Saturday, July 8, 2023

I was wrong: the “internal colony” theory about Black Americans isn’t revolutionary, it’s a distraction from the solution


Above: Henry Winston speaking in center of the image

I’ve been wrong to promote the idea that Black Americans are an “internal colony,” and the thing which convinced me of this was being exposed to the writings of historical Black Marxists. Namely Henry Winston, who represented the generation of Black Marxists that received their ideological upbringings prior to when the three-letter agencies twisted their liberation theory. When Winston polemicized against the internal colony theory, and ridiculed many of those in the new generation of Black radicals for uncritically embracing it, he wasn’t arguing from a place of being old and out of touch; it was the older generation of communists that had been able to form their worldviews via a superior framework of education, one that hadn’t been corrupted by the CIA invention which was the New Left.


Because Winston was coming from an inherently better analytical framework, these younger revolutionaries in certain cases unlearned their previous ideas, and came to reject notions like the internal colony. Huey Newton, who Winston named in the 1960s as one of these Black radicals that had mistakenly come to embrace the internal colony theory, abandoned that theory by 1970. Newton was forced to realize the same thing I recently did: that simply because the theory’s proponents are able to cite factual information about racial oppression in the USA, doesn’t mean they’re correct to analogize the country’s African diaspora to a colony. This is what Winston explained in his polemic Strategy for a Black Agenda:


By promoting the colony theory, the white ruling class aims to define and determine the direction of the Black liberation movement. In yet another form, the monopolists are striving to prevent Black people themselves from defining the specific features that constitute the special oppression they experience. By analogy, this theory directs attention to those aspects of the Black condition in the U.S. which most closely resemble colonial conditions. These similarities are so powerful that one’s attention may be diverted from what is unique in the status of the triply-oppressed Black peoples in colonial or semi-colonial situations, past or present. Via the colony analogy, and variations on this unscientific, anti-Marxist theme, U.S. imperialism’s ideologists are trying to influence the Black liberation movement into adopting a self-defeating strategy. While the U.S. “internal Black colony” theory resembles a winning strategy for an oppressed majority living in a colony, it would mean certain defeat for an oppressed minority—which has indeed been the Black condition for more than 350 years in this part of the world.

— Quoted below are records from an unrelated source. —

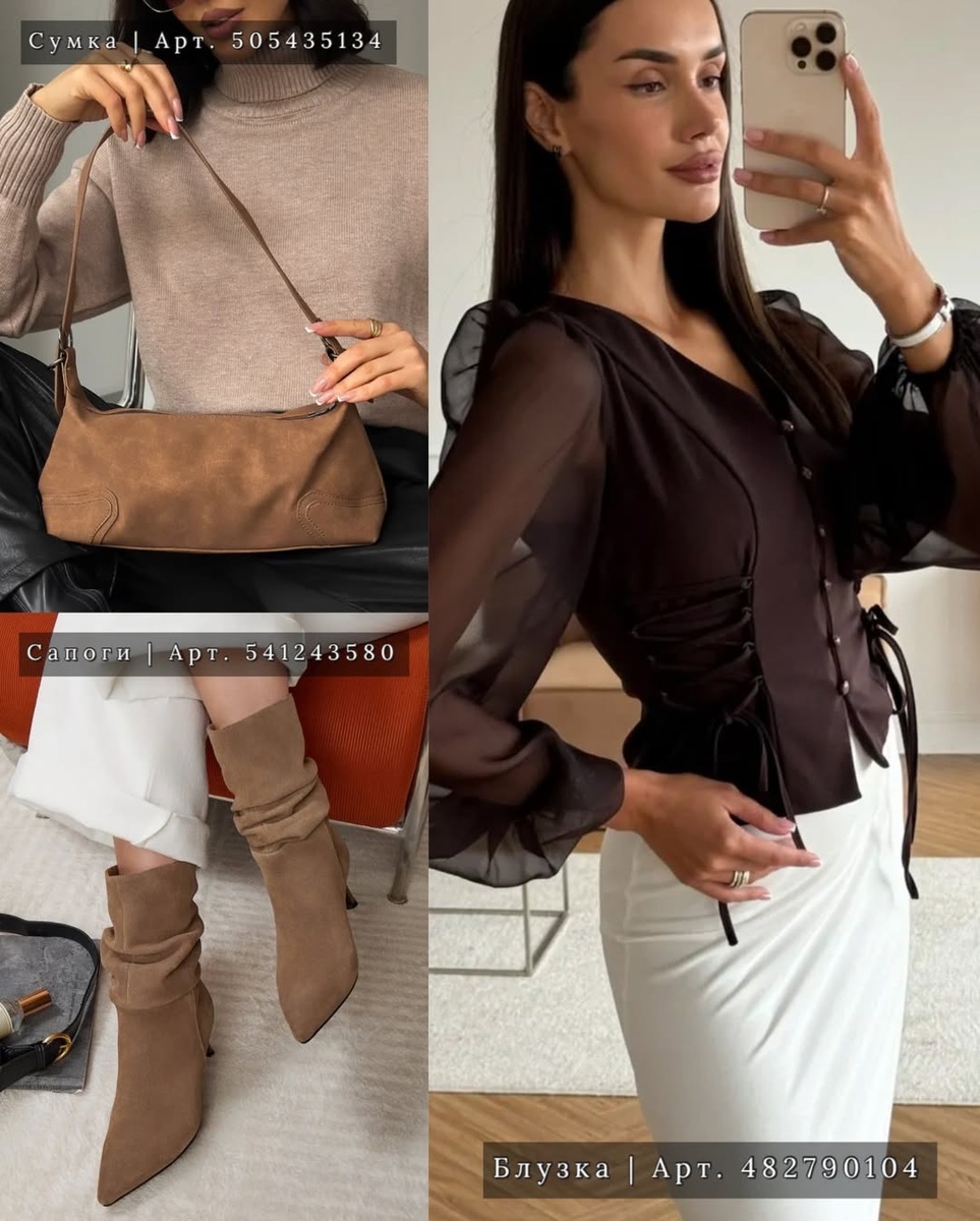 - сумка арт: 505435134 + сапоги арт: 541243580 + блузка арт: 482790104 — женственно, уютно, дорого на вид.
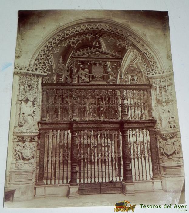 ANTIGUA FOTOGRAFIA ALBUMINA DE BURGOS, INTERIOR DE LA CATEDRAL, PUERTA Y REJA DE LA CAPILLA DEL CONDESTABLE, LEóN & LEVY 956 - MIDE 28 X 22 CMS.
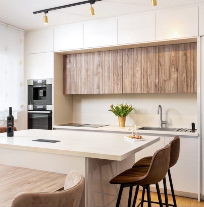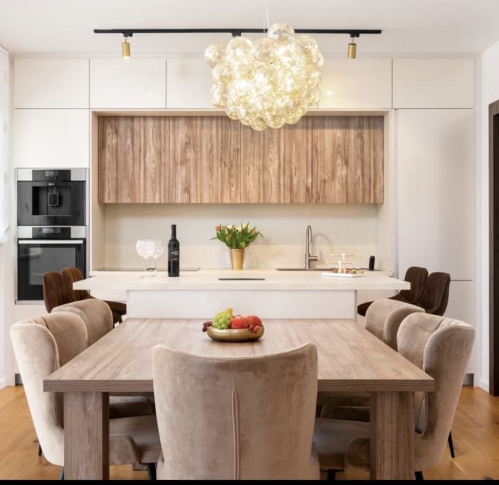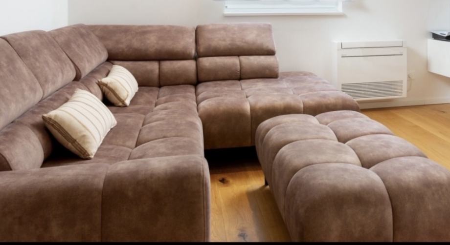 Kuhinja: duzina 3.80,visina 2.65. Vrlo malo koristena,materijal Elgrad,stolarski rad,novo bez ijednog ostecenja. Otok: duzina 1.80,sirina 1.10m,ugradjena uticnica na radnoj povrsini. U sredini tri ladice sa svake strane po element. Cijena kuhinje je 3500€.Garnitura je duzine 3m,dubina 1.10m,kut duzina 1.35m. Elektricno razvlacenje,naslon za glavu u tri nivoa podizanje. Tabure je duzine 1.30,sirina 0.70m. Cijena garniture je 1000€. Stanje kao novo. Stol za terasu sa osam stolica,aluminijski,duzina 2.40,sirina 1.02. Stolice su od materijala koji ne upija vodu. Cijena stola sa stolicama je 1000€.
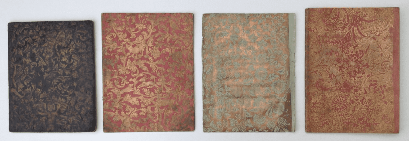 The exhibition includes over 200 papers from the early 18th century to the present day from Germany, Italy, France and Britain. A variety of techniques were employed including engraved metal plates, carved fruitwood blocks and lithography. From the sumptuous gold and silver to the most humble serving only to disguise printers’ waste, they all found a place in the book trade hierarchy.
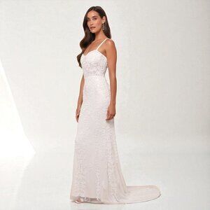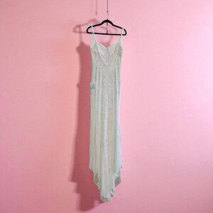 Lulus Momentous Love White Beaded Bustier Mesh Mermaid Maxi Dress Size Large
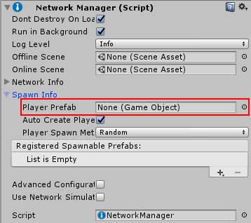 Add your player prefab to the the Network ManagerA Networking component that manages the network state of a Project. More info
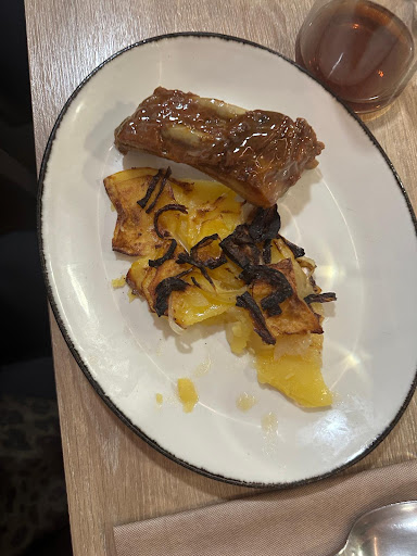 Pasan otros 15 minutos y empiezan a llegar los primeros: El “all y pebre” en un cuenco (donde cascas los huevos para hacer tortilla) y ningún plato bajero debajo. Mi padre, gran comedor, apenas lo probó. Los tacos de corvina eran 4 trozos en tempura, secos, dejados caer en el plato, con un mazacote de mayonesa, sin ningún tipo de presentación (lástima no tener foto) La costilla laqueada fueron 2 huesos por persona, con patatas panadero quemadas y cebolla que no estaba bien cocinada (adjunto foto) El arroz comestible, pasable si se trata de una casa de comidas. Estaba el grano pasado por fuera y duro por dentro. Una vez más, trozos cortados de gamba por encima.
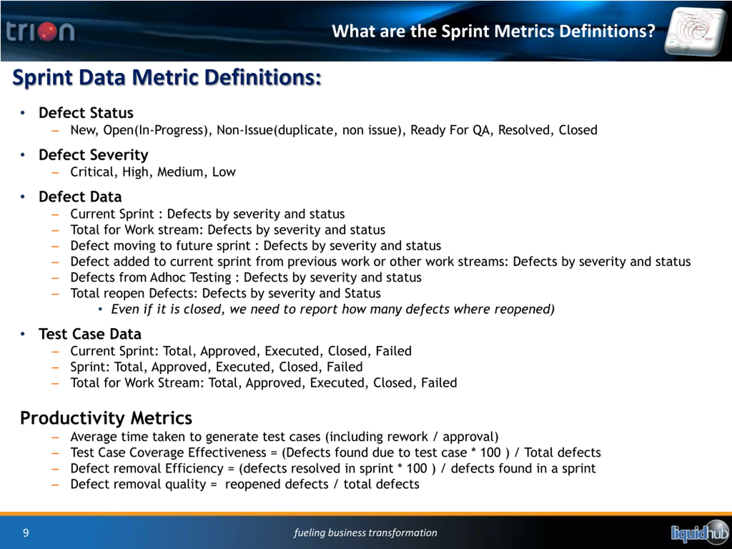 What are the Sprint Metrics Definitions? Sprint Data Metric Definitions: Defect Status New, Open(In-Progress), Non-Issue(duplicate, non issue), Ready For QA, Resolved, Closed Defect Severity Critical, High, Medium, Low Defect Data Current Sprint : Defects by severity and status Total for Work stream: Defects by severity and status Defect moving to future sprint : Defects by severity and status Defect added to current sprint from previous work or other work streams: Defects by severity and status Defects from Adhoc Testing : Defects by severity and status Total reopen Defects: Defects by severity and Status Even if it is closed, we need to report how many defects where reopened) Test Case Data Current Sprint: Total, Approved, Executed, Closed, Failed Sprint: Total, Approved, Executed, Closed, Failed Total for Work Stream: Total, Approved, Executed, Closed, Failed Productivity Metrics Average time taken to generate test cases (including rework / approval) Test Case Coverage Effectiveness = (Defects found due to test case * 100 ) / Total defects Defect removal Efficiency = (defects resolved in sprint * 100 ) / defects found in a sprint Defect removal quality = reopened defects / total defects 9 fueling business transformation
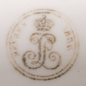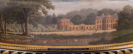 A large Sèvres [Louis-Philippe] pedestal vase, Vase 'Cratère': the frieze finely painted by Poupart with two named views 'Château de Tuileries' and 'Château de Twickenham' on a platinum and gilt decorated cobalt blue ground, on integral gilt-bronze stand, the panels signed A.Poupart for Achille Poupart and dated 1836, black stencilled crowned L.P.mark dated 1836, 32cm high, 39cm diameter [gilt-bronze handles lacking, loss to top of pedestal, long and short crack to bowl].*Notes In the early 19th century, the Château de Twickenham, known as Orleans House and the Octagon, was the residence of Louis-Philippe, Duc d'Orléans [King of the French from 1830-1848]. Two years after his death in 1850, it was purchased by his fifth son Henri, Duc d'Aumale and remained in the family until 1877. Apart from the Octagon and some surrounding buildings, the house was demolished in 1926.*Notes Literature 'The Sèvres Porcelain Manufactory-Alexandre Brongniart and the Triumph of Art and Industry, 1800-1847'. Page 287/90..."A first Crater Vase...blue ground views of the château des Tuileries and Wickenham [sic], slightly cracked, entered the sales inventory on April 30, 1836 and was delivered to the Grand Trianon on April 22, 1837 with production expenses of 1,043.75 francs; sale price of 1,000 francs. A second example, unflawed but otherwise identical, entered the sales inventory on September 10, 1836 and was "delivered to Her Majesty the Queen as a gift for M.Lelong the owner of Twickenham" on the following October 3. A third example entered the sales inventory on May 18, 1838 and the following July was delivered on Louis-Philippe's orders to his sister, Madame Adélaïde. Yet another example was entered on February 8, 1848; it may well correspond to the present design. Apparently the Orleans family had fond memories of the English country house where they had spent the last months of their long exile during the Napoleonic years".
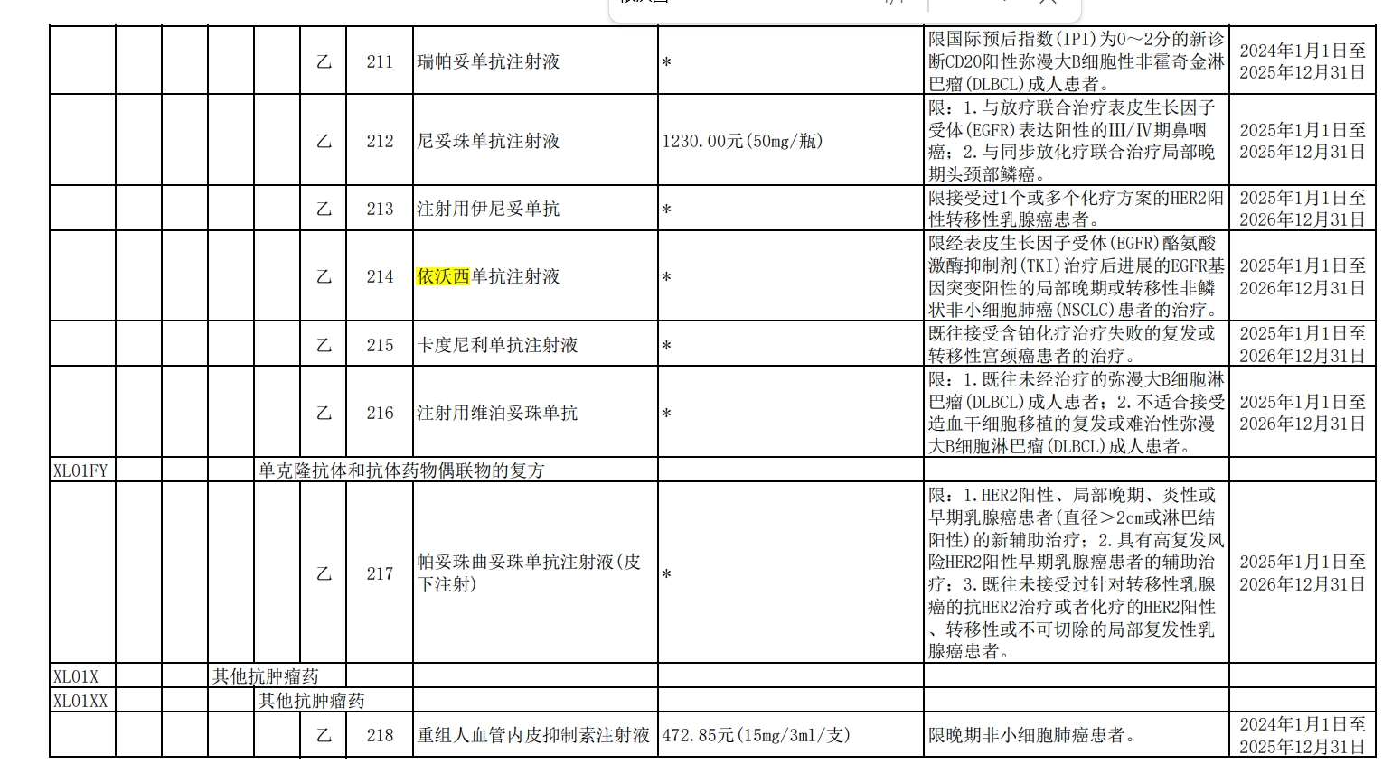 国内药企方面,康方生物旗下的开坦尼(卡度尼利单抗)和全球首创的双抗依达方(依沃西)均被纳入。今年5月,康方生物曾宣布,依沃西单药对比帕博利珠(K药)单药一线治疗PD-L1表达阳性的NSCLC(非小细胞肺癌)的三期临床试验获得决定性胜出阳性结果,达到PFS(无进展生存期)主要研究终点,具有统计学显著意义和重大临床获益。彼时,中国双抗头对头“打败”全球“药王”K药在国内医药行业引起极大讨论。
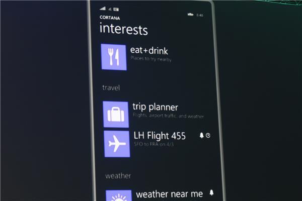 - Cortana 不仅是语音系统,还是个人生活助手,自动提供新闻、航班等讯息,另外,还能扫描用户邮件(需要用户授权),比如扫描到用户定了机票,就会自动提醒;
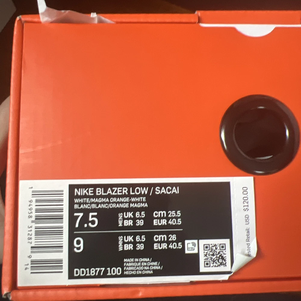Size 7.5 - Nike Blazer Low x Sacai Magma Orange...
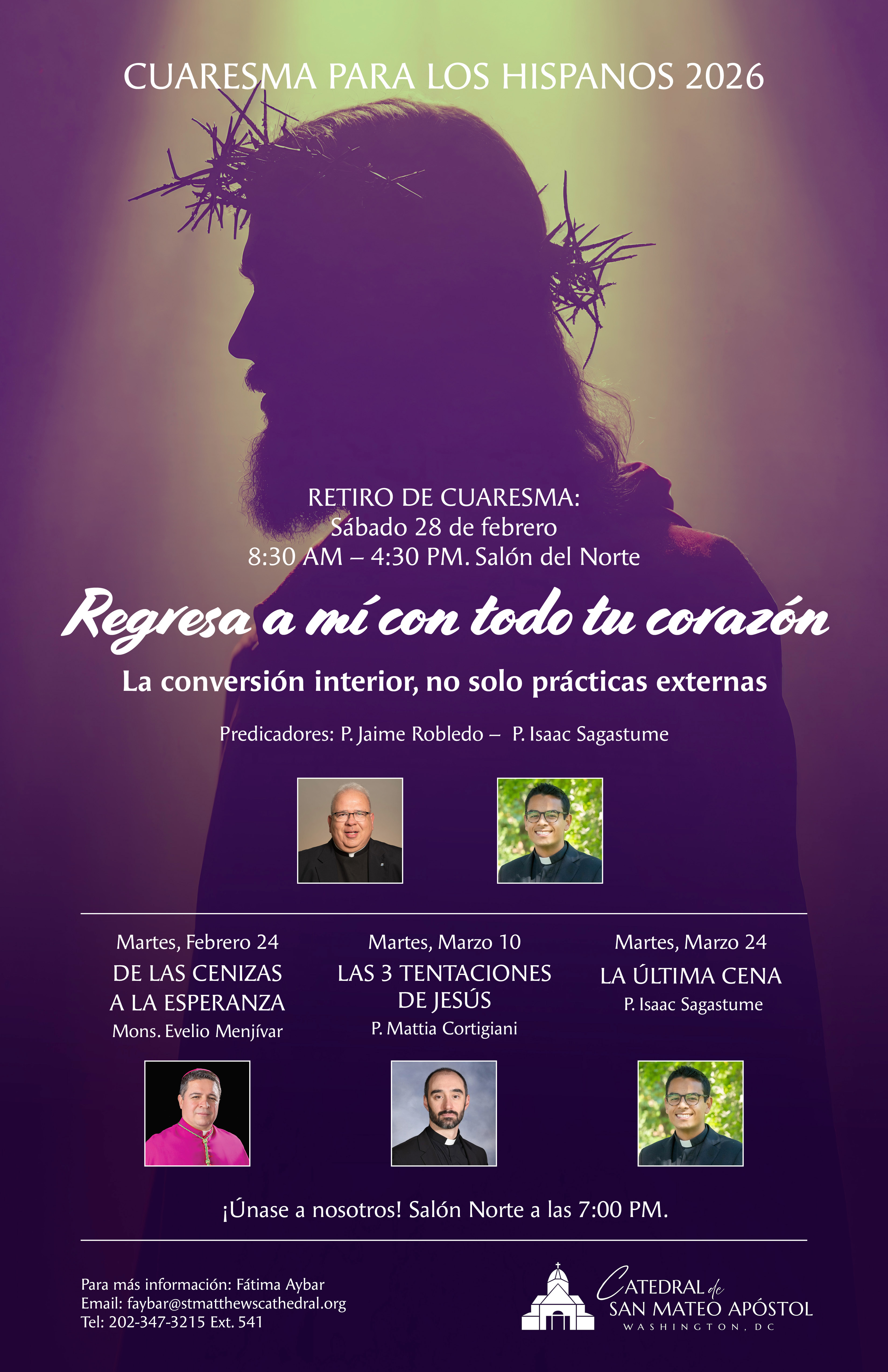 Sábado 28 de febrero, a las 8:30am a 4:30pm, Retiro de Cuaresma con P. Jaime Robledo y P. Isaac Sagastume, Salón del Norte. Entrada por el garje.
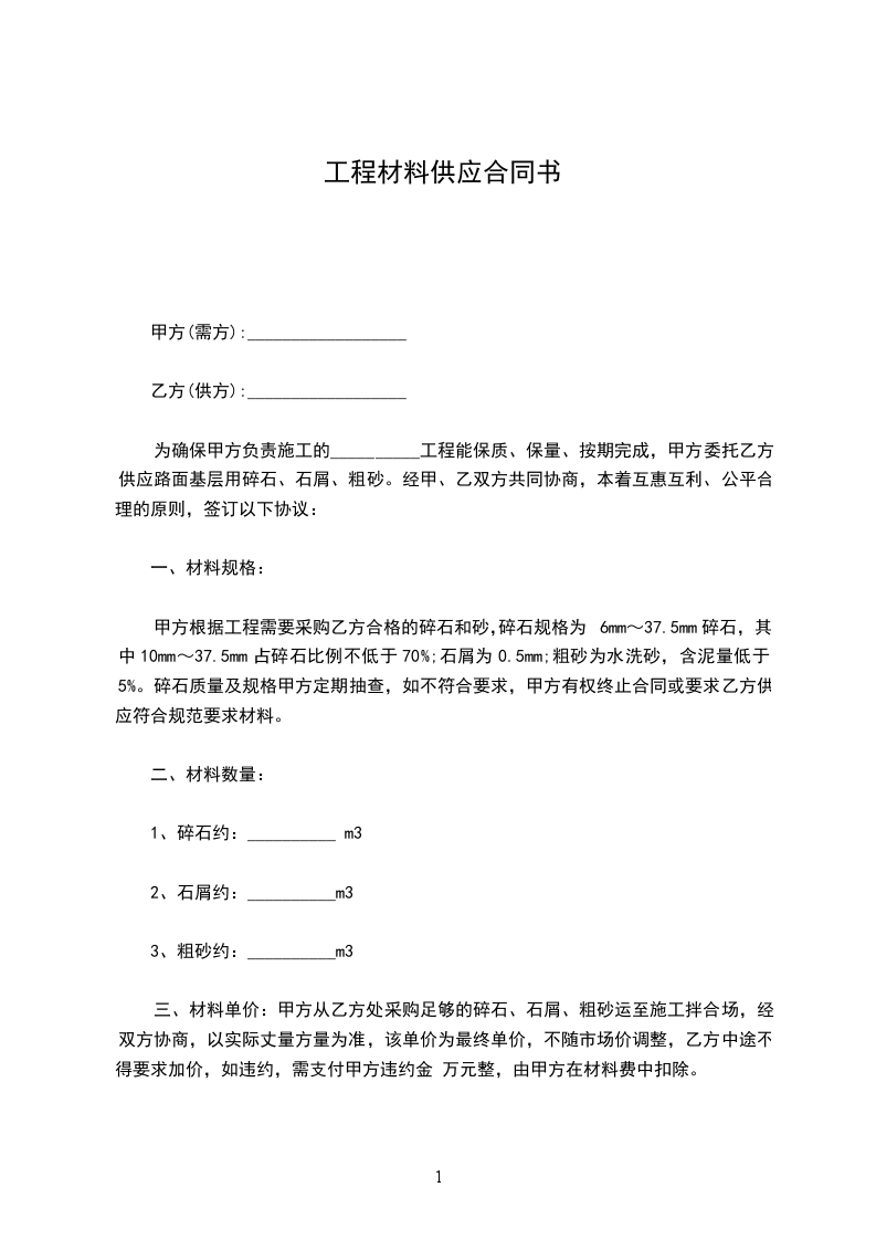 三、材料单价:甲方从乙方处采购足够的碎石、石屑、粗砂运至施工拌合场,经双方协商,以实际丈量方量为准,该单价为最终单价,不随市场价调整,乙方中途不得要求加价,如违约,需支付甲方违约金 万元整,由甲方在材料费中扣除。
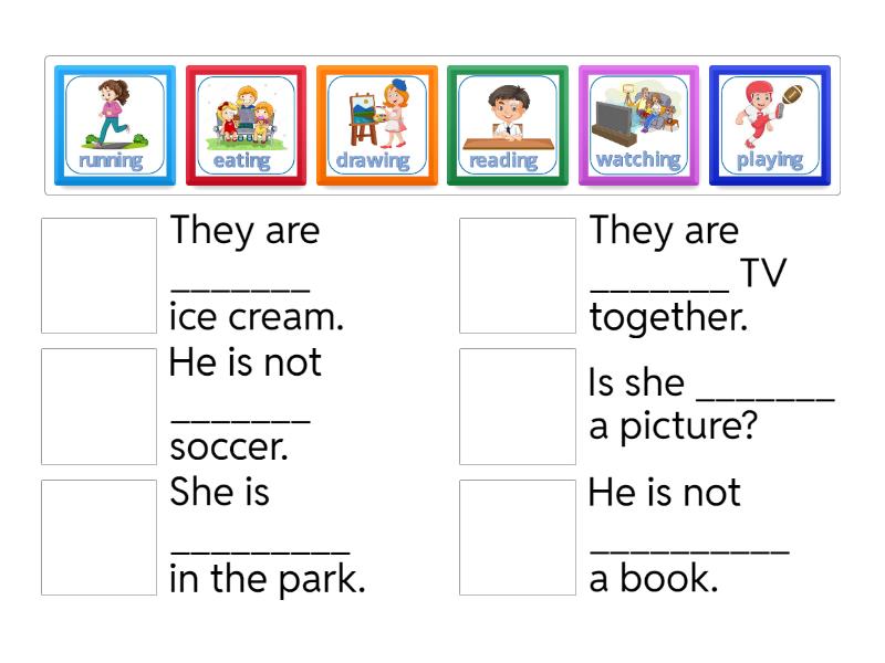 She is _________ in the park., He is not __________ a book., They are _______ ice cream., Is she _______ a picture?, They are _______ TV together., He is not _______ soccer.,
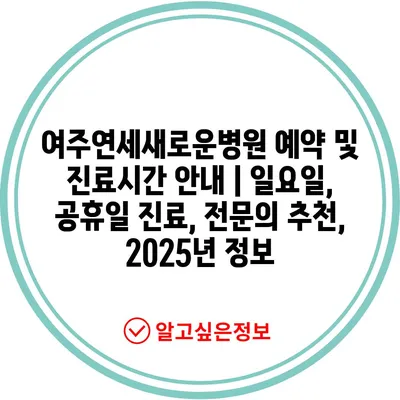 ✅ 여주연세새로운병원의 진료시간과 예약 방법을 알아보세요.

Because communists like Winston hadn’t been influenced in their ideological formative years by the anti-Marxist, pseudo-radical material that the three-letter agencies began to inject into this country’s “left” during the Civil Rights era, they were able to recognize how notions such as this one aren’t based in materialism. How rather than having a progressive impact on history, they instead act to reinforce our society’s racial divisions.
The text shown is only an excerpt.